My Anatolian has done some silly things, but nothing on the level you are describing!


----------



## bcnewe2 (Oct 12, 2013)

My luck would be the dog who loves whiskey and sauce!
Let's see how long it takes her to give up her egg habit! Did you put the stuff inside the egg? I'd like to do that to a few people I know just for fun! 
I swear Jesse definitely has a sense of humor!


----------



## fluttervale (Oct 12, 2013)

Have you tried an invisible fence?  Depending on the size of the building, and how close she needs to get to guard it, you could put a very small invisible fence around the building or the entrances that she should not be using, and let her zap herself.


----------



## Robbin (Oct 12, 2013)

My Toli takes and chews everything.  4X4s, aluminum lawn furniture, Potted plants, hoses, all kinds of sticks.   If you lose something, go up on the hill and look for it.  My boarder collie named Bandit, for a reason, destroyed a $240 dollar pair of binos and I cant tell you how many extension cords till he got a live one, burned a tooth to the gum, he stopped messing with wires after that.


----------



## BlueMoonFarms (Oct 12, 2013)

fluttervale said:
			
		

> Have you tried an invisible fence?  Depending on the size of the building, and how close she needs to get to guard it, you could put a very small invisible fence around the building or the entrances that she should not be using, and let her zap herself.

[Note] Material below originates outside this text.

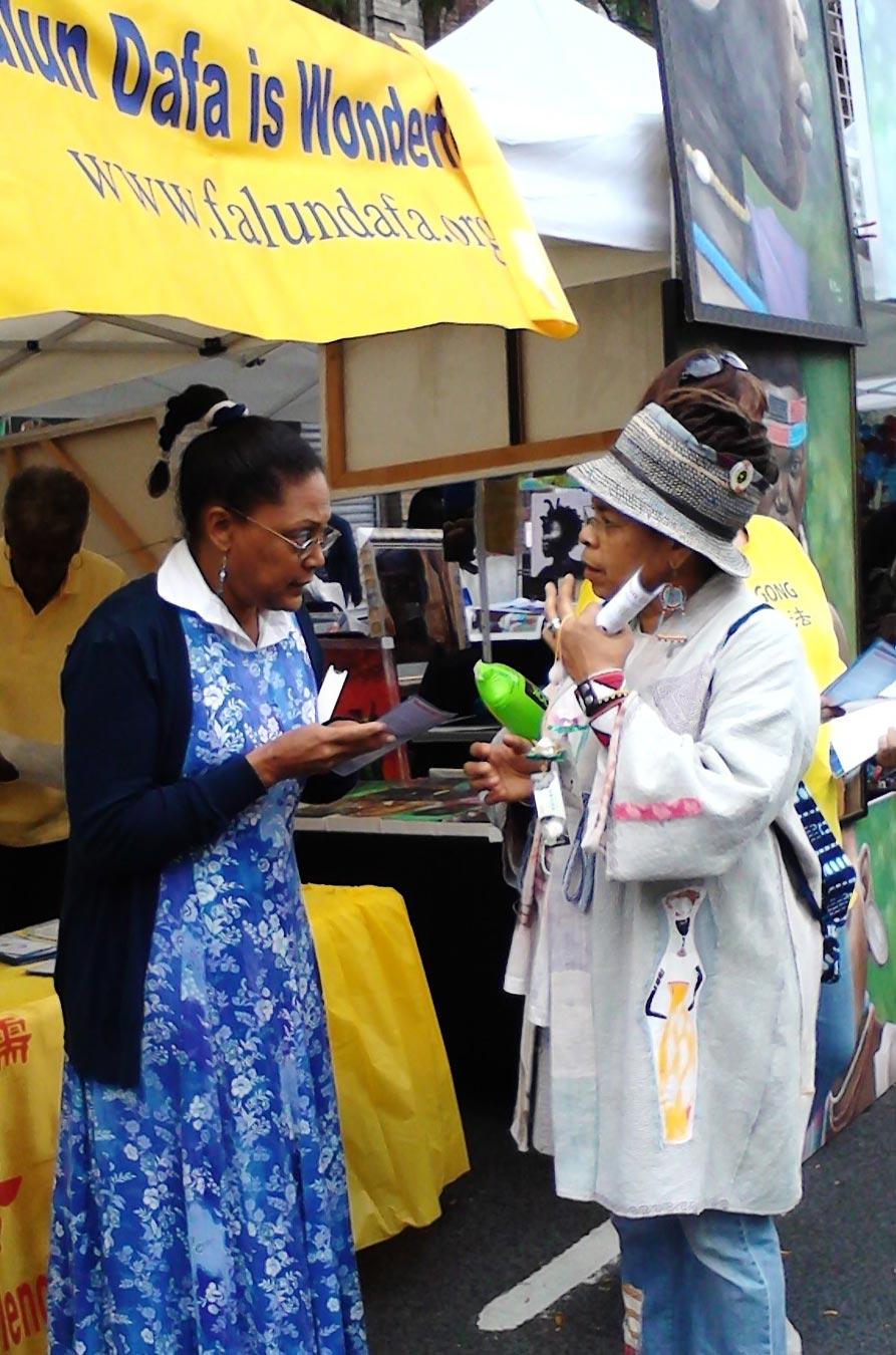 法轮功学员克兰润表示,今年和往年有很大的不同,往年大家要主动的走向人群去介绍,今年是一批一批的人流主动地来到我们的展位前。一部份人听说过法轮功,想要了解更多的信息,询问哪里有学功的地方;有些人是被美丽的展位吸引,他们表示第一次接触法轮功,大家都很高兴能拿到法轮功的真相传单。

That is our last resort which I hope we wont have to resort to since we just spent a ton of money on electric fencing the buck in. Ugh...


----------



## bcnewe2 (Oct 12, 2013)

Guess we've been lucky with the chewing part. I always wondered why they didn't chew.  Jesse is the only one of my dogs that gets toys.  She's the only one that doesn't destroy them.  The border collies kill their toys in 10 minutes flat.  Even tennis balls get no chance unless Jesse steals them first!

The electric fencing sound  like a great last resort.  It works for us. Unless the sheep knock through it.  Then she follows her sheep.  My pyrs down in AR didn't respect electric but Jesse sure does. I think the trick is training them at a young age to it. 

4x4's and lawn furniture.... Kinda funny till its something you like! I'll keep counting my blessings.


----------



## treeclimber233 (Oct 12, 2013)

I was thinking you could run a hot wire across the opening the ducks use.  They probably will not get shocked as the feathers will insulate them.  After your dog gets shocked a few times she will probably stop going close to the wire.


----------